For this exercise, return only the lines in the records below from the one holding "7.点击树上的蜂窝,用【点燃的火把】驱赶蜜蜂" through the one holding "Y si bien es", including both, exactly as they appear and without pictures.

Entries provided:
=== Section Start ===
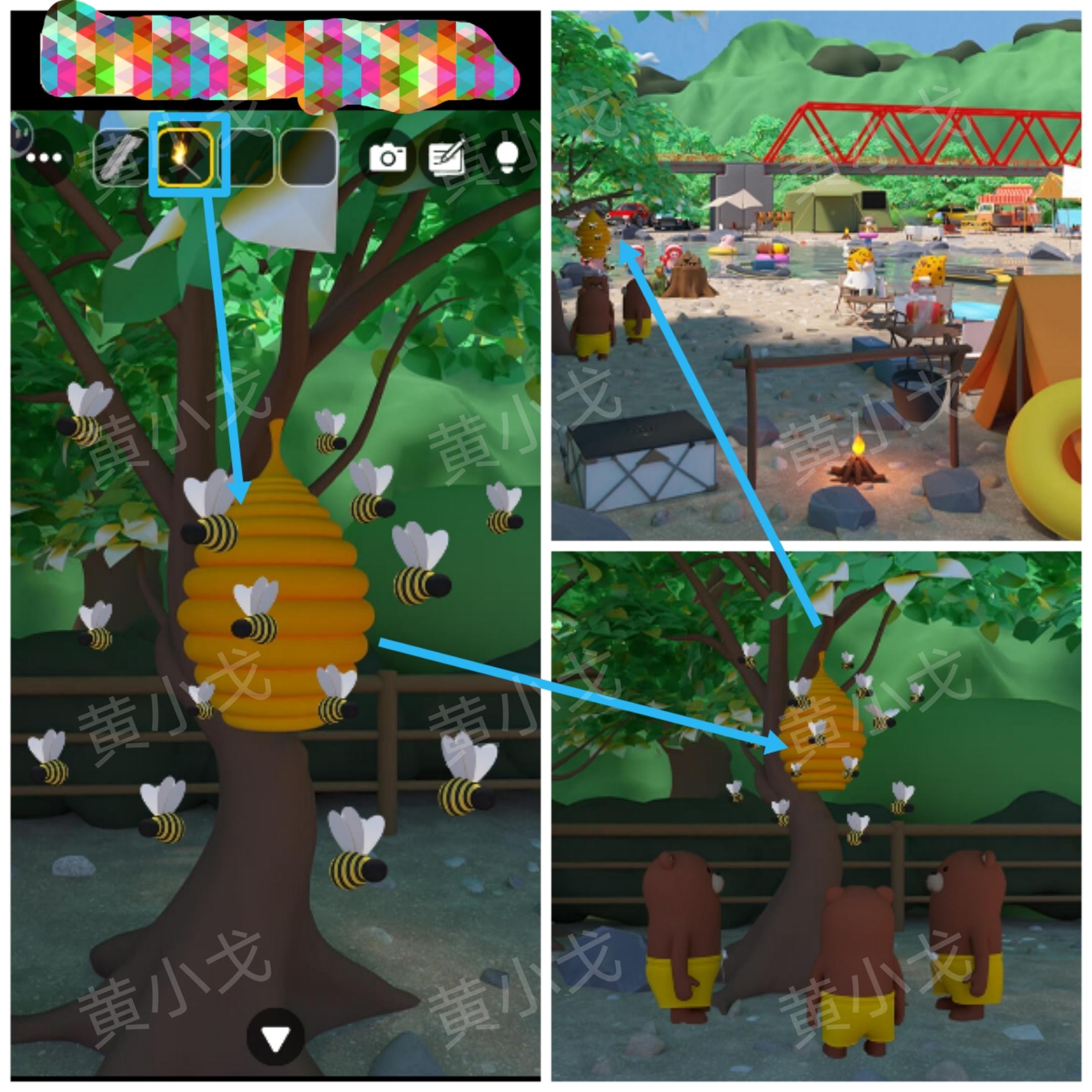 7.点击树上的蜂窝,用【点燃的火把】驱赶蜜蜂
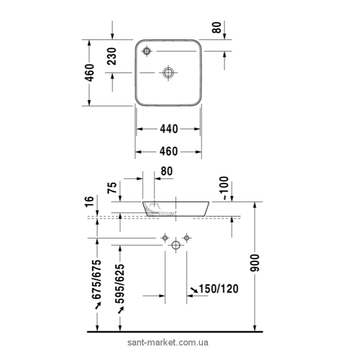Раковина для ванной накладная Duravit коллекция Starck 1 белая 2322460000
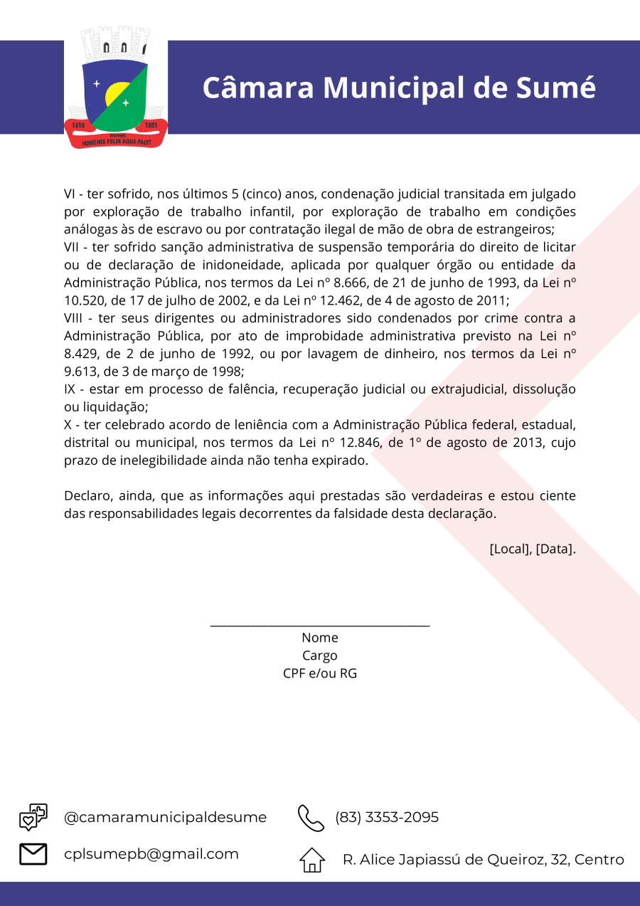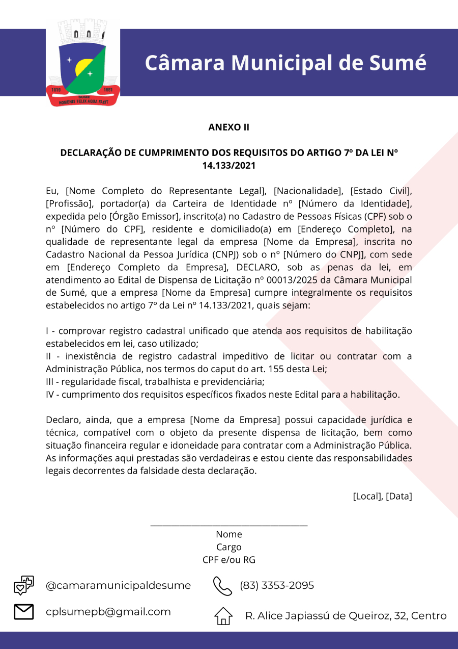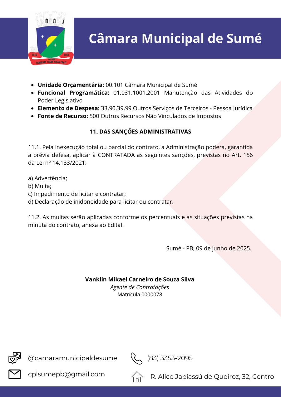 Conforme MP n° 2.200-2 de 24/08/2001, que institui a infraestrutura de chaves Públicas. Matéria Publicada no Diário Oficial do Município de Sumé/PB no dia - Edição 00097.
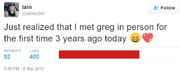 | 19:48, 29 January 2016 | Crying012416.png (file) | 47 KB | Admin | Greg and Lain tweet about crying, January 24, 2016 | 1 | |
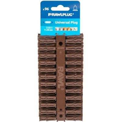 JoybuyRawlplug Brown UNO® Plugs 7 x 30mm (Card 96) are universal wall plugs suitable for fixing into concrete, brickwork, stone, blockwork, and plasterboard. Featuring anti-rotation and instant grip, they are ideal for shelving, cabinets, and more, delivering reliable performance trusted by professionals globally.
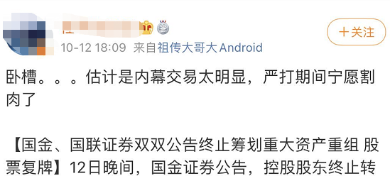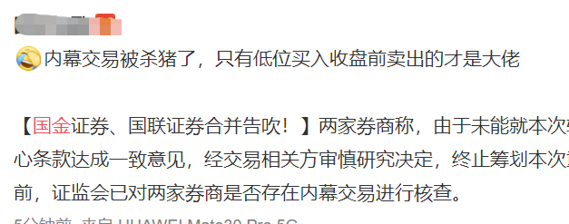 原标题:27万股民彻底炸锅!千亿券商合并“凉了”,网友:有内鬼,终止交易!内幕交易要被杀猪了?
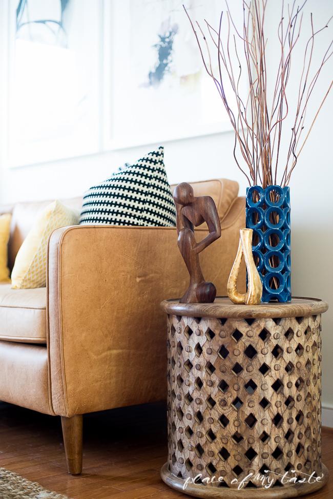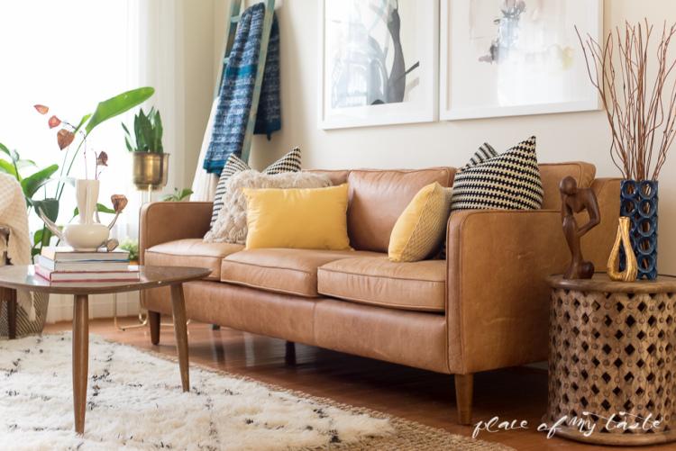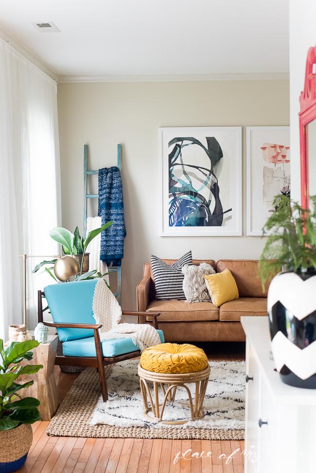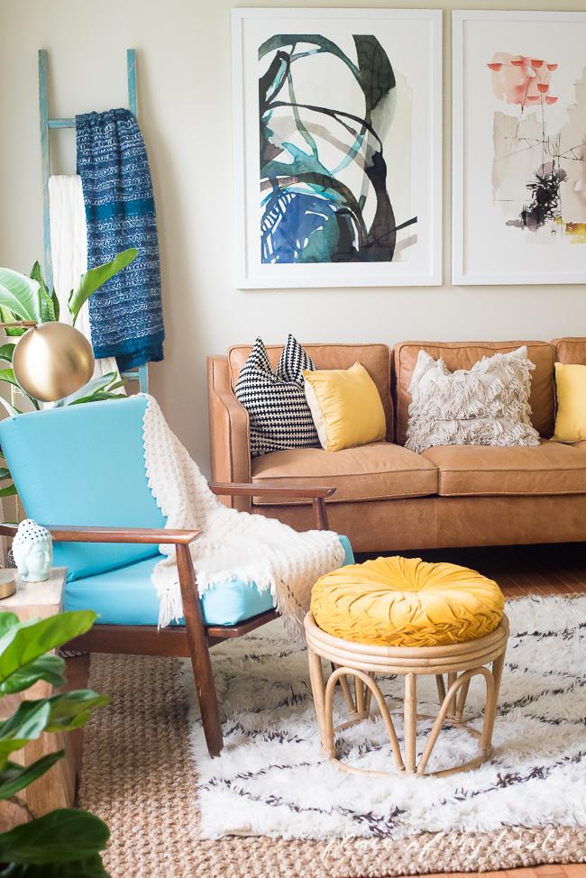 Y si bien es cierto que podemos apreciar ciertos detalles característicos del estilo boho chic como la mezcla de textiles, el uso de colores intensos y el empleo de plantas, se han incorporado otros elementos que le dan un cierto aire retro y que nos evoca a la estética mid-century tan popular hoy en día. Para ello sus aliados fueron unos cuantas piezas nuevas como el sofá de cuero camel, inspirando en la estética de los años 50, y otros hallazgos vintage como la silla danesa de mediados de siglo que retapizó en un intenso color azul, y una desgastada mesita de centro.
=== Section End ===
=== Section Start ===
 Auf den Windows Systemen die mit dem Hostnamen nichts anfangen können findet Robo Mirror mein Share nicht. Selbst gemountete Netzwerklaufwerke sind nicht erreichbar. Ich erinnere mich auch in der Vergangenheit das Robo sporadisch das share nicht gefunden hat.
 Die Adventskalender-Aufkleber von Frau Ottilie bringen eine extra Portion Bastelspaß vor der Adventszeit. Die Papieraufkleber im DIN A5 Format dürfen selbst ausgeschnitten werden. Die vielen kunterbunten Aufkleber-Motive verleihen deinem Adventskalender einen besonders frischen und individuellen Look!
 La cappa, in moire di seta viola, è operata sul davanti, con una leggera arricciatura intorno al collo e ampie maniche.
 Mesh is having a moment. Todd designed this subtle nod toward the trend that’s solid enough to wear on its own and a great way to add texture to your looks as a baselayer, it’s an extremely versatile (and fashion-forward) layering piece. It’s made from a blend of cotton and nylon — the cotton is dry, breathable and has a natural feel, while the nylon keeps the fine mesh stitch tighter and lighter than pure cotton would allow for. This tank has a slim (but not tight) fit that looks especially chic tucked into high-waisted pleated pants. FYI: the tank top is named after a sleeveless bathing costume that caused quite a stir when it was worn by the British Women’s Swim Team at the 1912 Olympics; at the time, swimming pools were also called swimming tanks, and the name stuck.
=== Section End ===
=== Section Start ===
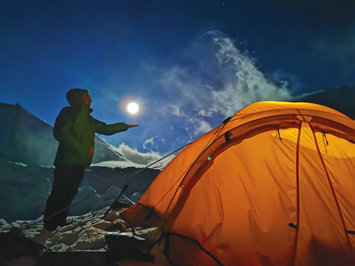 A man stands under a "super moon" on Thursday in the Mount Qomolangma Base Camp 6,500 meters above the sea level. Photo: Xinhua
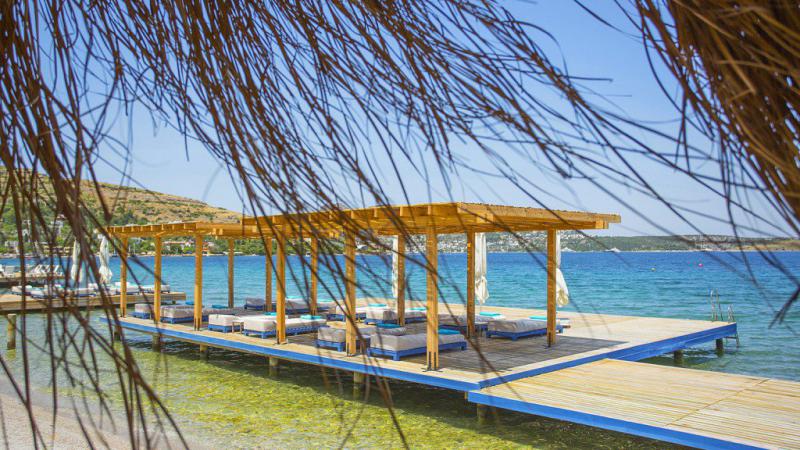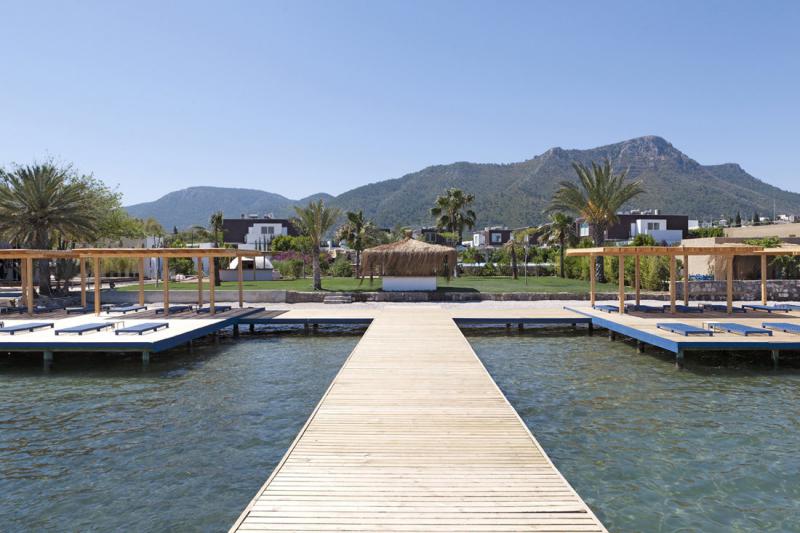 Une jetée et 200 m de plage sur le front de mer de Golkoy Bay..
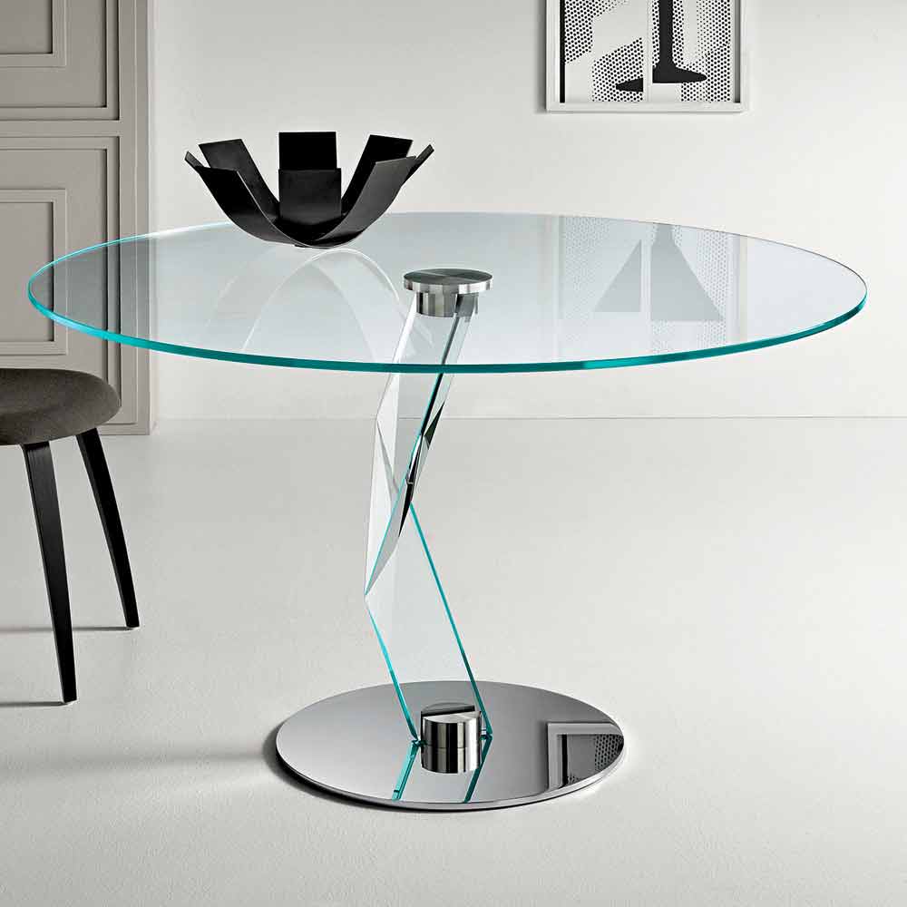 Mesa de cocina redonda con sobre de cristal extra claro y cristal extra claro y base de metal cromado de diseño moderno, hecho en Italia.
=== Section End ===
Result below:
 7.点击树上的蜂窝,用【点燃的火把】驱赶蜜蜂
Раковина для ванной накладная Duravit коллекция Starck 1 белая 2322460000
 Conforme MP n° 2.200-2 de 24/08/2001, que institui a infraestrutura de chaves Públicas. Matéria Publicada no Diário Oficial do Município de Sumé/PB no dia - Edição 00097.
 | 19:48, 29 January 2016 | Crying012416.png (file) | 47 KB | Admin | Greg and Lain tweet about crying, January 24, 2016 | 1 | |
 JoybuyRawlplug Brown UNO® Plugs 7 x 30mm (Card 96) are universal wall plugs suitable for fixing into concrete, brickwork, stone, blockwork, and plasterboard. Featuring anti-rotation and instant grip, they are ideal for shelving, cabinets, and more, delivering reliable performance trusted by professionals globally.
 原标题:27万股民彻底炸锅!千亿券商合并“凉了”,网友:有内鬼,终止交易!内幕交易要被杀猪了?
 Y si bien es cierto que podemos apreciar ciertos detalles característicos del estilo boho chic como la mezcla de textiles, el uso de colores intensos y el empleo de plantas, se han incorporado otros elementos que le dan un cierto aire retro y que nos evoca a la estética mid-century tan popular hoy en día. Para ello sus aliados fueron unos cuantas piezas nuevas como el sofá de cuero camel, inspirando en la estética de los años 50, y otros hallazgos vintage como la silla danesa de mediados de siglo que retapizó en un intenso color azul, y una desgastada mesita de centro.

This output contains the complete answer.